The rally program itself offers alternative forms of competition to performance rallies like Tall Pines — such as Navigation (accuracy in time and distance, not speed) and Rally Cross (the "Solo 1" of rallying) — that don't require temporarily shelving your self-preservational instincts or installing a roll cage in your daily driver.
If it's just involvement that you are seeking, much of the rally is operated by volunteers, who play such crucial roles as marshal, traffic controller and timekeeper. They can always use more help.
Still, it's not hard to feel a part of the whole thing just by being there. That's the beauty of it, and that's why I go.
This was the third year that three buddies and I have attended Tall Pines. Hitting the 35/115 at around 6:15 a.m., we made it to Bancroft in time to have a quick breakfast at the Eagle's Nest Restaurant before catching the 9 a.m. ceremonial start at Rally HQ.
We went with the "VIP Package" offered by the rally organizers the first year to get a feel for the event, and have continued to do so because, well frankly, we're lazy.

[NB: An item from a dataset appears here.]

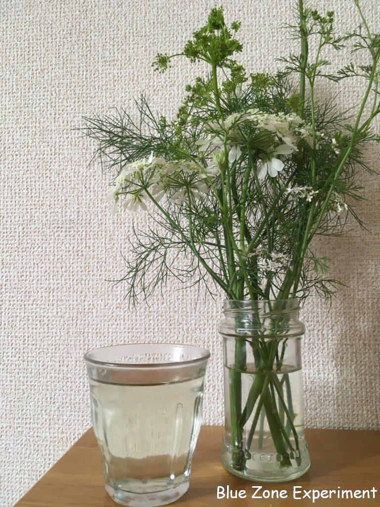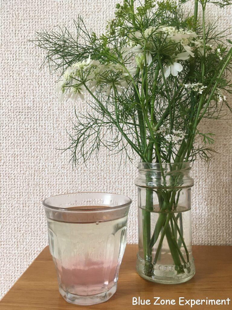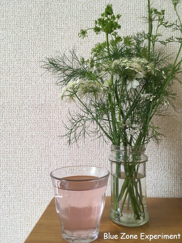 このお茶は、レモン(酸)を加えると、ピンクに変色するということなので、それも試してみました。黄色いお茶にレモン汁を加えると、レモン汁が沈んだ下の方だけピンクに変わったので、混ぜてみると全体がきれいなピンク色に。ちなみにグラスの横に飾ってあるのは、畑から摘んできたオルレアとディルの花です。

We paid $135 each for the convenience of being shuttled around in coaches and fed throughout the day.
Available through the Tall Pines website (www.tallpinesrally.com), the cost isn't unreasonable once you factor in the meals, snacks and the heated tent provided at the "Iron Bridge" spectator area.
Otherwise we'd have had to drive ourselves a few kilometres east of town to the bridge to catch the three daytime passes the competitors make on that stage. There's plenty of free parking in a nearby field.
Following the Iron Bridge stages it was back to HQ for the "No. 3 Service" at about 2 p.m. It's an opportunity for many fans to relax and grab some food before trekking southwest on Highway 28 to Dyno Rd. in order to catch the two nighttime runs at the Castledine's Corner spectator area. (The VIPs drive a stage in the tour bus and then have dinner before being bused to Castledine's.)
Arrive early at Castledine's, though, because the spectators' cars are parked literally for kilometres down the sides of the only access road — there'll be some walking involved. After the final "sweep" cars have gone by, it's time to head back to HQ for the finish podium and awards ceremony, plus a post-rally party.
Not for us, though. Now a little after 11 p.m., it was time for us to make our way home, where after a long day that included a 350-km round trip and many hours spent on the side of gravel roads, all we wanted was our beds.